ContemporáneaArtXIXe sièclePeinture de paysage de Grande Canarie

Peintre et enseignant

Nicolás Massieu y Matos, connu sous le nom de Colacho Massieu, est un peintre né à Las Palmas de Gran Canaria le 12 mars 1876 et mort dans la même ville en 1954. Son œuvre, marquée par l'expérience parisienne et la peinture en plein air, fait des paysages, des medianías et des sommets de Grande Canarie le cœur d'une poétique personnelle.

Jeunesse

Il vient d'une famille de tradition artistique liée à Manuel Ponce de León et Nicolás Massieu y Falcón. Il se forme d'abord auprès de ce dernier et dans l'enseignement du dessin à Las Palmas. Ses voyages à Liverpool, Rome et surtout Paris élargissent ses références : entre 1905 et 1906, il fréquente académies et ateliers de la capitale française, où il découvre les transformations de la peinture moderne.

Rôle historique

À son retour, il construit un langage personnel sans adhérer mécaniquement aux avant-gardes. Portrait et nature morte font partie de sa production, mais le paysage est son champ principal. La matière épaisse, l'usage du couteau à palette et une palette intense lui permettent de travailler la lumière et la structure des terrains de Grande Canarie ; il est ainsi connu comme le « peintre de Grande Canarie ».

Héritage

En 1914, il obtient la chaire de dessin de l'Institut général et technique de Las Palmas et la conserve jusqu'à sa retraite. Il participe aussi aux premières années de l'École Luján Pérez et enseigne à sa nièce Lola Massieu.
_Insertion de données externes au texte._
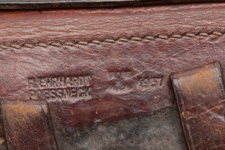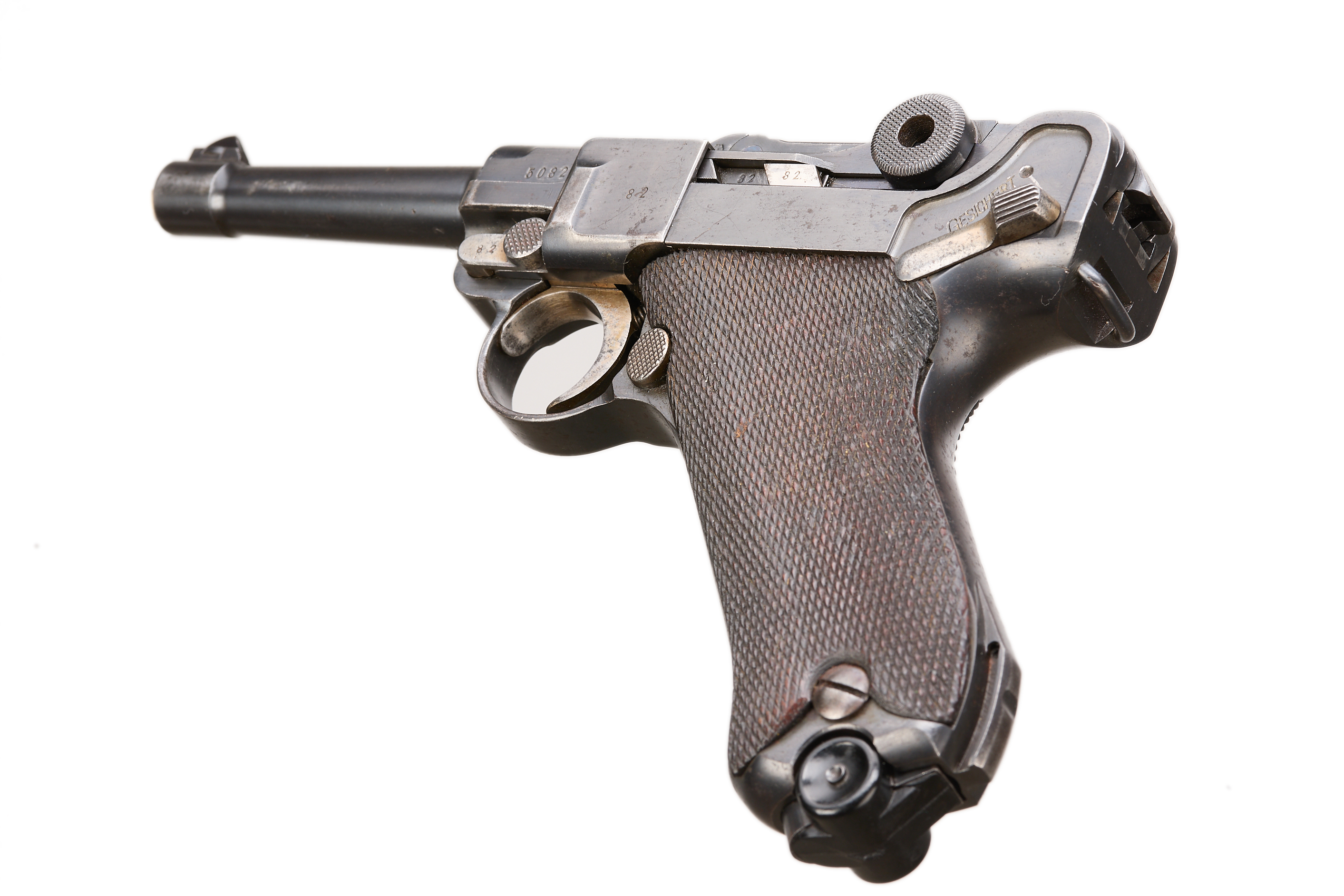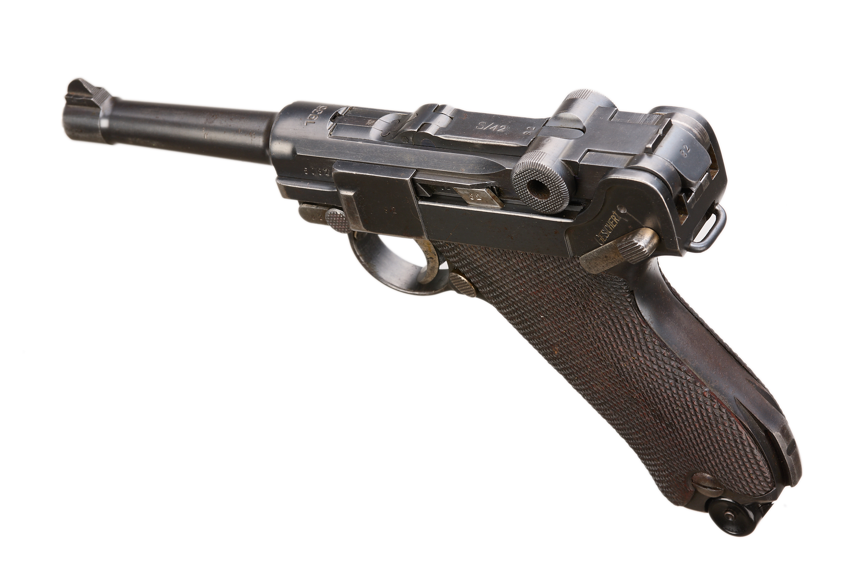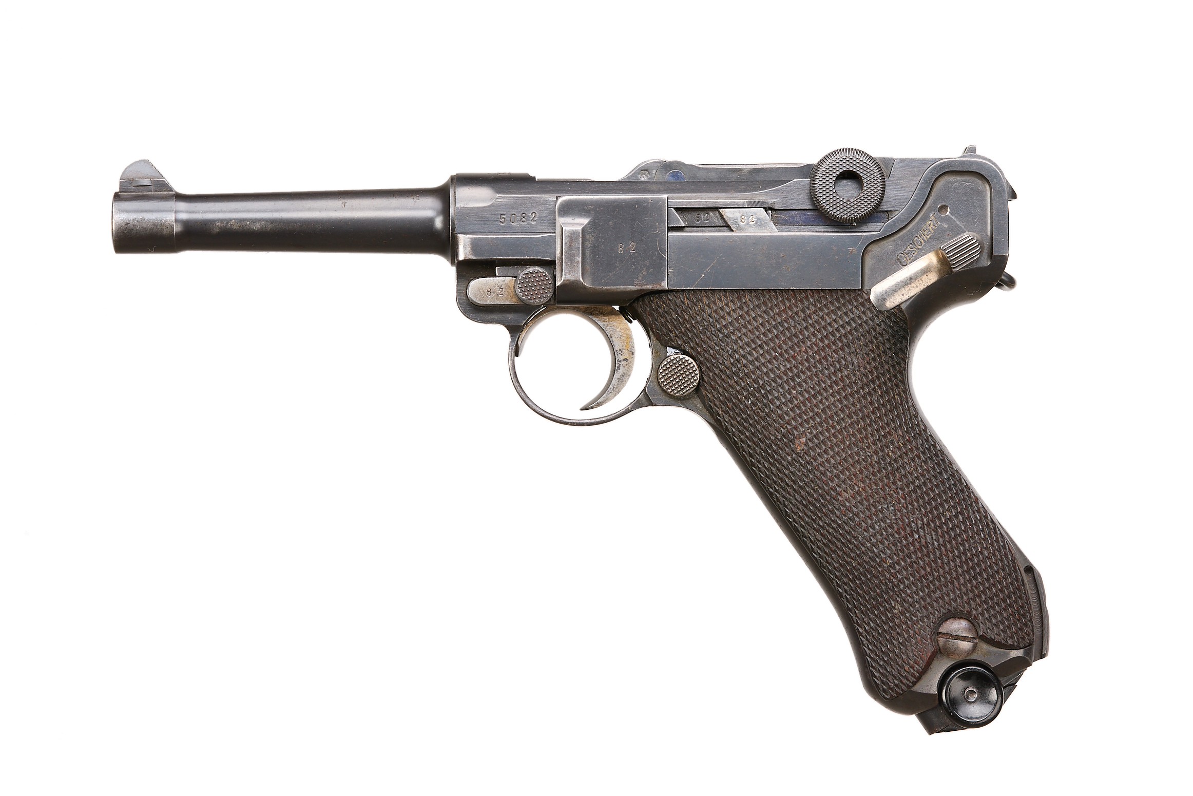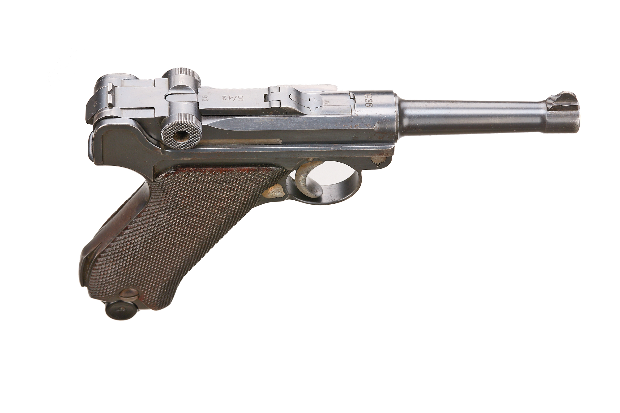 Chequered walnut grips, blued 4in. barrel, dove-tailed fore-sight, fixed notch rear-sight to rear of toggle assembly, the breech dates ‘1936’, toggle-link marked ‘S/42’, blued action and frame, all matching numbers, issue leather holster with Waffenamt stamps, spare magazine and stripping tool. For 1936.

Son œuvre est conservée dans des collections publiques insulaires, dont la Casa de Colón, le TEA et le Parlement des Canaries, et demeure une référence pour comprendre la modernisation de la peinture de paysage dans l'archipel.

Chronologie

  1. 1876Naît à Las Palmas de Gran Canaria.
  2. 1905Effectue un séjour de formation à Paris.
  3. 1914Obtient la chaire de dessin de l'Institut général et technique de Las Palmas.
  4. 1947Peint Tempestad petrificada, œuvre conservée au Parlement des Canaries.
  5. 1954Meurt à Las Palmas de Gran Canaria.